**Aim of the exercise**
Transcribe all the lines below exactly. Omit the pictures.

**Data provided**

--------

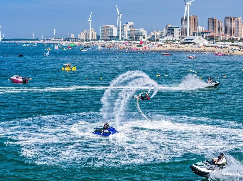 7月12日,在山東省榮成市那香海景區(qū),游客享受海上旅游項(xiàng)目帶來的清涼與歡樂(無人機(jī)照片)。
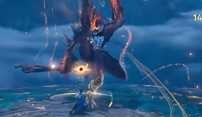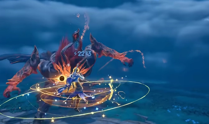 角色拥有一个名为逐星归尘的技能。使用该技能后,角色会释放自身剑气。成功击败对手后,能产生减速效果。较为独特的是,若场景中存在火焰或水域,便可借助剑气,使火焰叠加灼烧伤害,让水域叠加减速伤害。如此一来,就不只是单纯击中对手,还能造成相应的伤害。
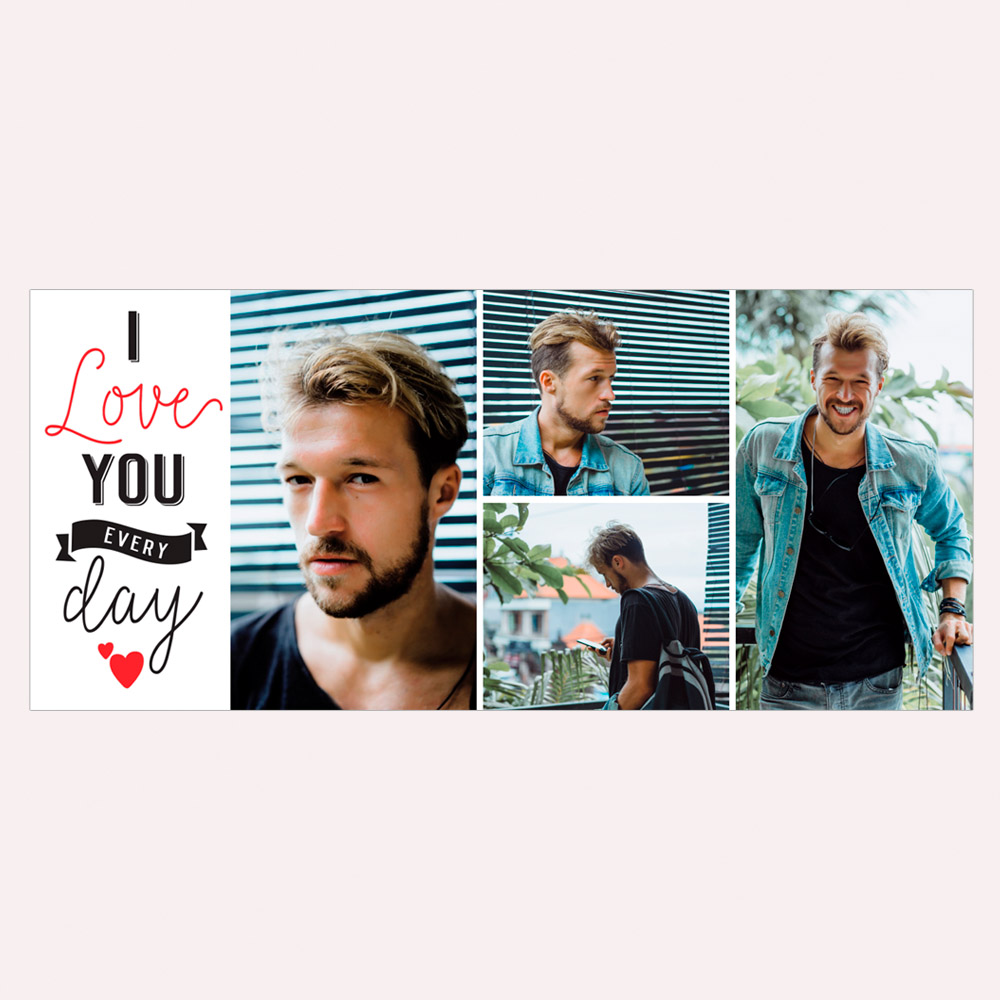 Kollaažiga kruus tekitab alati palju emotsioone, kuna see disain annab sulle võimaluse panna kruusile mitmeid ägedaid hetki. Lisaks on oma pildiga kruusi peal ilus sõnum: “I LOVE YOU EVERY DAY” ehk eesti keelde tõlgituna “Ma armastan sind iga päev”. Seetõttu sobib see tass eriti hästi kinkimiseks enda kallimale valentinipäevaks.

--------

**Solution to this problem**
 7月12日,在山東省榮成市那香海景區(qū),游客享受海上旅游項(xiàng)目帶來的清涼與歡樂(無人機(jī)照片)。
 角色拥有一个名为逐星归尘的技能。使用该技能后,角色会释放自身剑气。成功击败对手后,能产生减速效果。较为独特的是,若场景中存在火焰或水域,便可借助剑气,使火焰叠加灼烧伤害,让水域叠加减速伤害。如此一来,就不只是单纯击中对手,还能造成相应的伤害。
 Kollaažiga kruus tekitab alati palju emotsioone, kuna see disain annab sulle võimaluse panna kruusile mitmeid ägedaid hetki. Lisaks on oma pildiga kruusi peal ilus sõnum: “I LOVE YOU EVERY DAY” ehk eesti keelde tõlgituna “Ma armastan sind iga päev”. Seetõttu sobib see tass eriti hästi kinkimiseks enda kallimale valentinipäevaks.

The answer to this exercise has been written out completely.